● WHAT YOU NEED TO DO:
Take the records below and set down exactly the lines from the one with "H16年式 オデッセイ(RB1) アブソルート" to the one with "1923 The Rocket", ends included; do not copy the pictures.

** Opening EXTRACTED MATERIAL block **

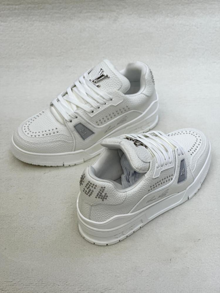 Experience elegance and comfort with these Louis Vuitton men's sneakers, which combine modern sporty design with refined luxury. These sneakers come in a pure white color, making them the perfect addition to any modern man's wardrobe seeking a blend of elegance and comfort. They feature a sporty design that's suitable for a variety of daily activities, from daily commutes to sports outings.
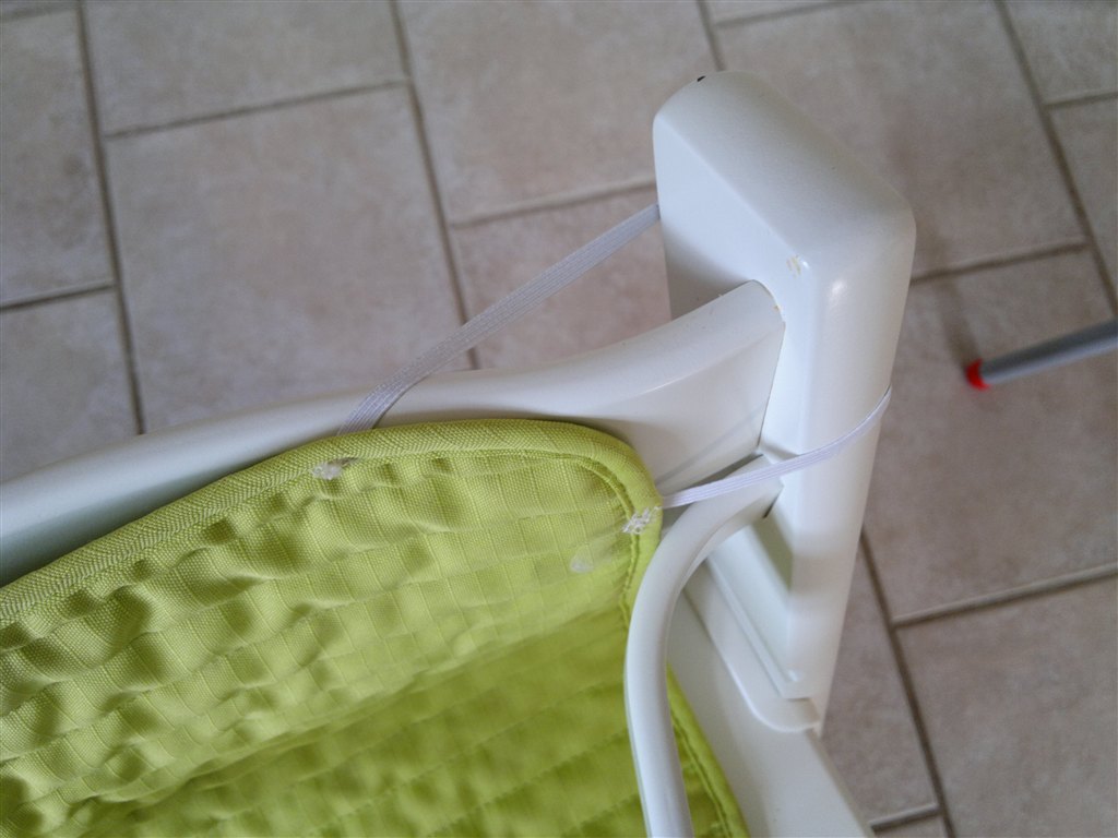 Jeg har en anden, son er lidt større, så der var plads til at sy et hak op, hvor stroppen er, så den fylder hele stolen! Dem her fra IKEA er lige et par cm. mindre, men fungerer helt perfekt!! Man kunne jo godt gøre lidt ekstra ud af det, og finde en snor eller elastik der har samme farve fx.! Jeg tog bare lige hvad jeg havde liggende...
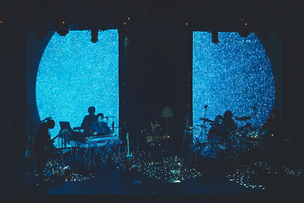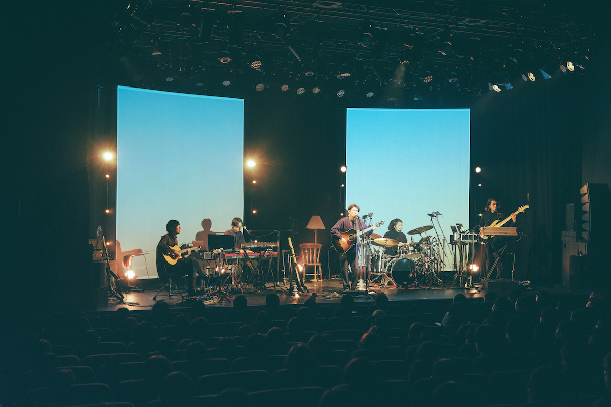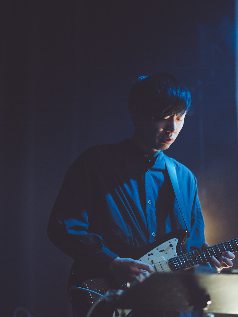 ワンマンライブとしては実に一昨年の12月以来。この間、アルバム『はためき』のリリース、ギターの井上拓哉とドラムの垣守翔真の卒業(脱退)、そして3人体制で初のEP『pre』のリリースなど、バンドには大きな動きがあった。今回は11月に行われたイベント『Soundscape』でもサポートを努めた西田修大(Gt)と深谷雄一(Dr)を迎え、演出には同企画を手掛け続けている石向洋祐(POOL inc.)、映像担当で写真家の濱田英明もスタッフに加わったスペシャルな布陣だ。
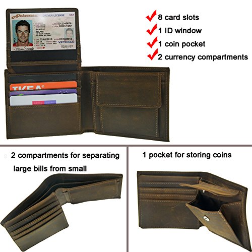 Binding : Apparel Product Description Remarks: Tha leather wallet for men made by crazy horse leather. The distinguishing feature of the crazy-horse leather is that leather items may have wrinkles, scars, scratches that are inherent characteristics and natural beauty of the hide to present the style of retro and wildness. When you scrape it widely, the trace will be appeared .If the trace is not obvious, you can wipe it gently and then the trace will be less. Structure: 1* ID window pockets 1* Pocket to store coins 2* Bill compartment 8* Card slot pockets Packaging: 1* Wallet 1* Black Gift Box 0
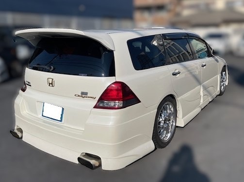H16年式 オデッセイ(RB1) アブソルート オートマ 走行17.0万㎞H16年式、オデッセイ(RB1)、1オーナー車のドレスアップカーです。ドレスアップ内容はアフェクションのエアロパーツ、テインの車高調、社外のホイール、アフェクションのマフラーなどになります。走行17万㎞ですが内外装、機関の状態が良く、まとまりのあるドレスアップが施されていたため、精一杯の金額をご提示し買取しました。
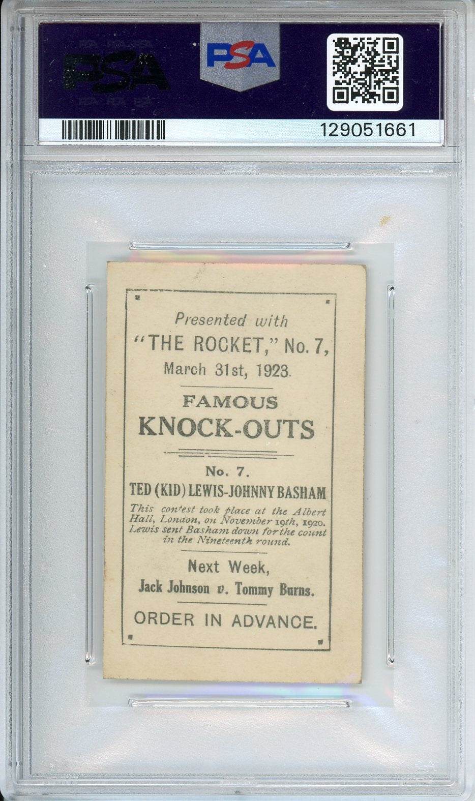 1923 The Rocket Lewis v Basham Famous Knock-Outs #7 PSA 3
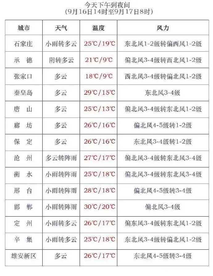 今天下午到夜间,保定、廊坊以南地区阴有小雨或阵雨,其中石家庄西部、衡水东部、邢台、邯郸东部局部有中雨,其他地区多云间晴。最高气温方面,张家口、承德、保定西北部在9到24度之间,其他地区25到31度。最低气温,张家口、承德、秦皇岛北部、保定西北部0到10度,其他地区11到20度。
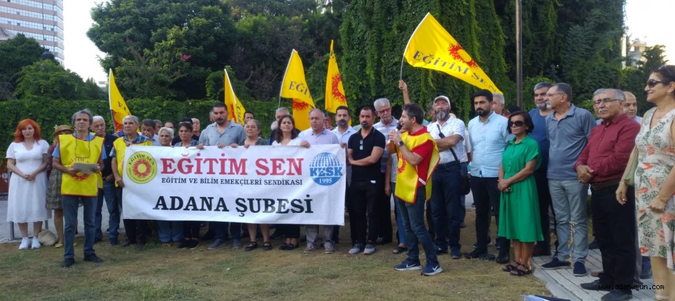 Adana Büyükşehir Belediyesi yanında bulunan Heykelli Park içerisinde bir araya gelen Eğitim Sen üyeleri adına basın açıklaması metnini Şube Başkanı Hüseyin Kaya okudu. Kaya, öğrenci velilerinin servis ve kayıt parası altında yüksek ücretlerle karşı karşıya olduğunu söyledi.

** Closing EXTRACTED MATERIAL block **
** Opening EXTRACTED MATERIAL block **

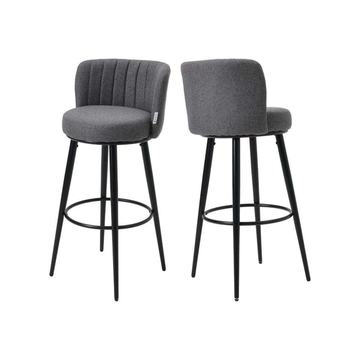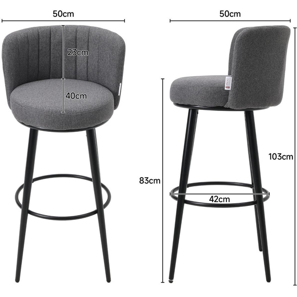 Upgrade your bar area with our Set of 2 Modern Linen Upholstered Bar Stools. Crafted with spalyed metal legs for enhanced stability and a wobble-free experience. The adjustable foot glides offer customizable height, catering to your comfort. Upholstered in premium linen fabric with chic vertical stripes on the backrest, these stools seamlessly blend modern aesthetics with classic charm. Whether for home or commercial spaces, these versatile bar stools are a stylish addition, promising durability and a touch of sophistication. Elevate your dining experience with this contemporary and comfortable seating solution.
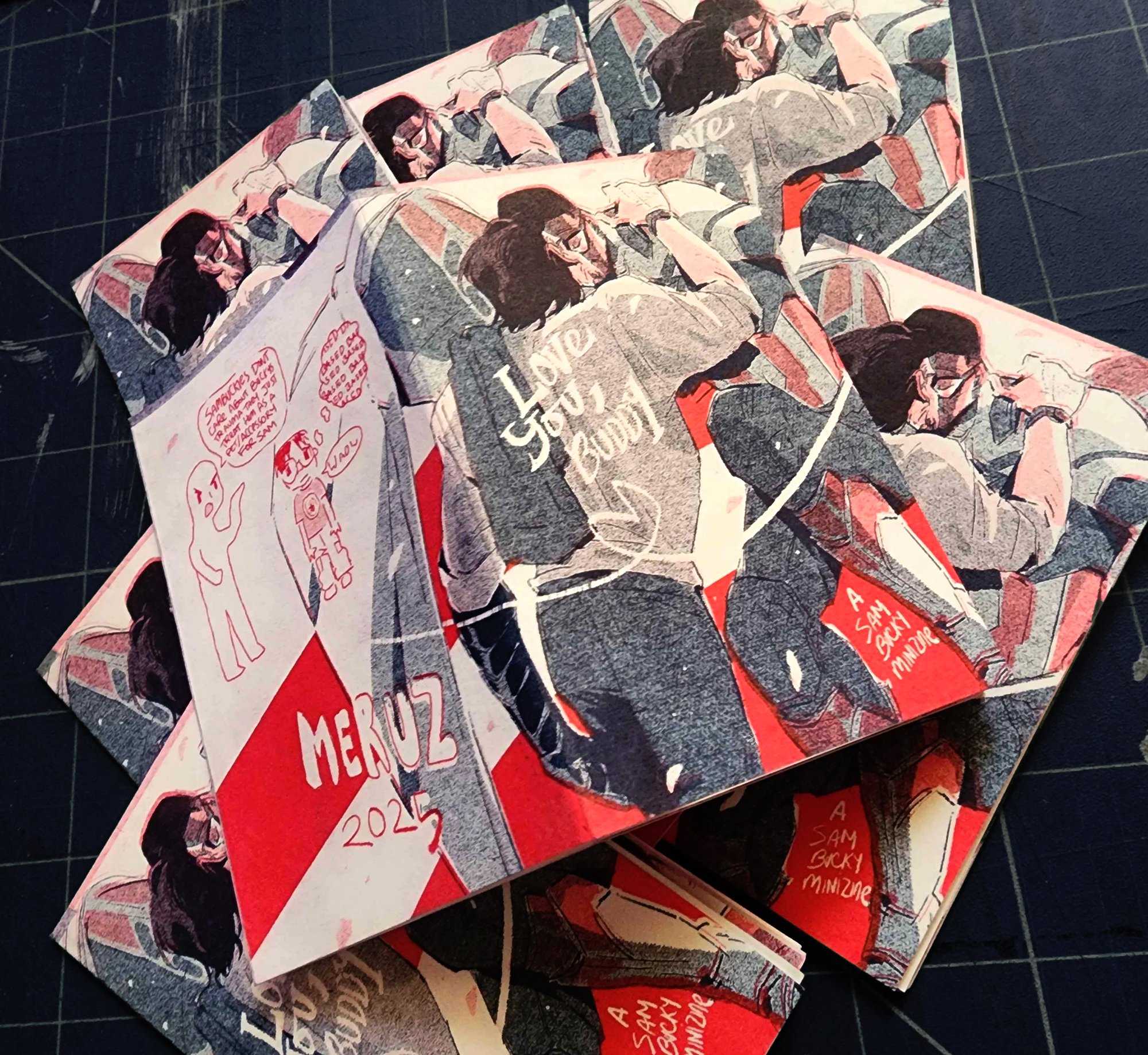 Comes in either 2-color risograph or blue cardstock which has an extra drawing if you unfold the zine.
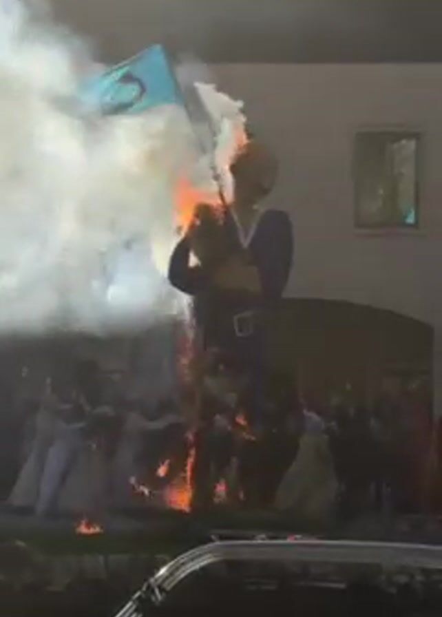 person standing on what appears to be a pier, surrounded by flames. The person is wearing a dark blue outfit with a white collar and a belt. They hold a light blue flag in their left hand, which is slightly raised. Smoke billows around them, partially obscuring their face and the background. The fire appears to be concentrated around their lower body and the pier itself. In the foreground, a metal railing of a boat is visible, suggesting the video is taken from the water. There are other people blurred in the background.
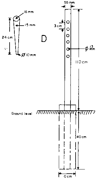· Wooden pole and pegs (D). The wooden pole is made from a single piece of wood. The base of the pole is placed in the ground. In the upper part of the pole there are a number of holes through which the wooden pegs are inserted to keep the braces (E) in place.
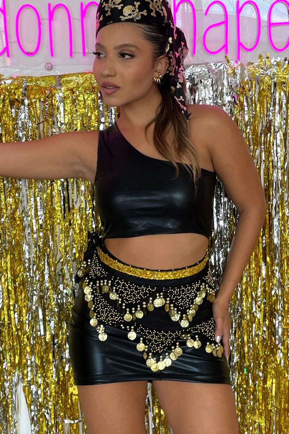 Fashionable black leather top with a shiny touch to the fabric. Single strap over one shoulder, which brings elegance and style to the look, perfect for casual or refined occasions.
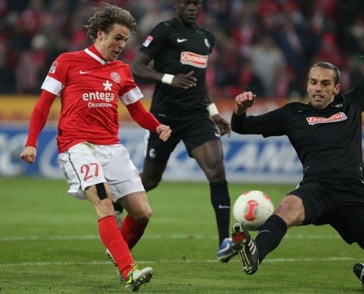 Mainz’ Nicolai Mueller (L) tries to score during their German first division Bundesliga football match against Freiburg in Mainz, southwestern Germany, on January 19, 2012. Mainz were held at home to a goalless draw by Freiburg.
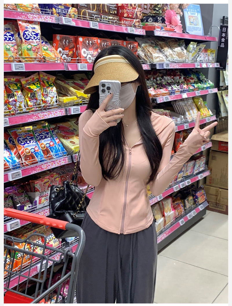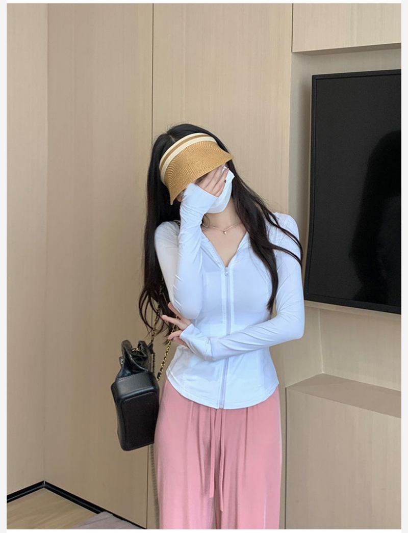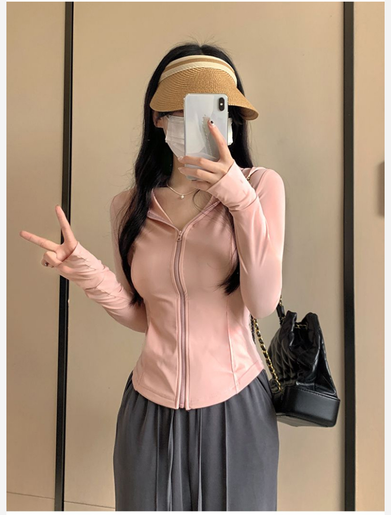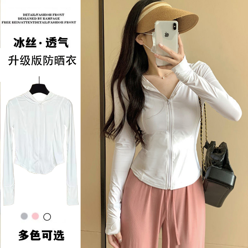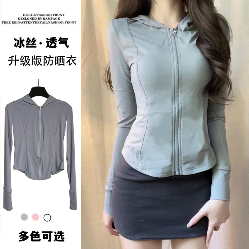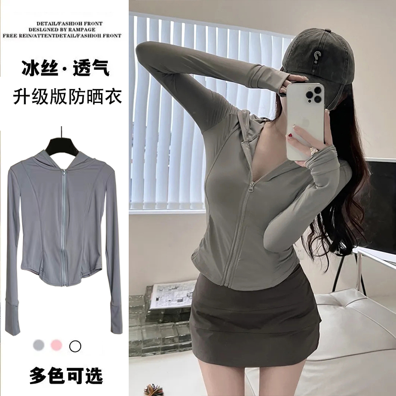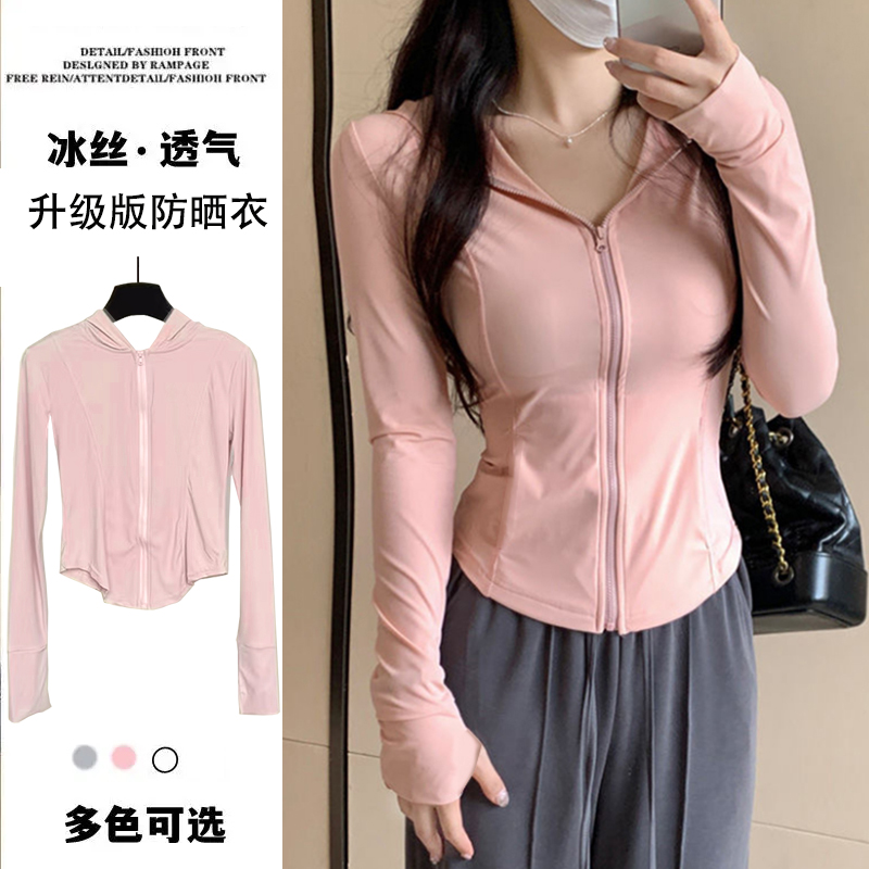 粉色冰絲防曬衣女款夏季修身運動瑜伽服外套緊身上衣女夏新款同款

** Closing EXTRACTED MATERIAL block **
** Opening EXTRACTED MATERIAL block **

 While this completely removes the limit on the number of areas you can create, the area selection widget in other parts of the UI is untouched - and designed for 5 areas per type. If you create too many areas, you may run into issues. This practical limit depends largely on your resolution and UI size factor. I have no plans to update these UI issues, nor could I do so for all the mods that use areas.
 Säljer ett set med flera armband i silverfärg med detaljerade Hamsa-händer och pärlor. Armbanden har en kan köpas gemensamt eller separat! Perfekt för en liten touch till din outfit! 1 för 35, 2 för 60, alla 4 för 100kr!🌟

** Closing EXTRACTED MATERIAL block **

● ANSWER BELOW:
H16年式 オデッセイ(RB1) アブソルート オートマ 走行17.0万㎞H16年式、オデッセイ(RB1)、1オーナー車のドレスアップカーです。ドレスアップ内容はアフェクションのエアロパーツ、テインの車高調、社外のホイール、アフェクションのマフラーなどになります。走行17万㎞ですが内外装、機関の状態が良く、まとまりのあるドレスアップが施されていたため、精一杯の金額をご提示し買取しました。
 1923 The Rocket Lewis v Basham Famous Knock-Outs #7 PSA 3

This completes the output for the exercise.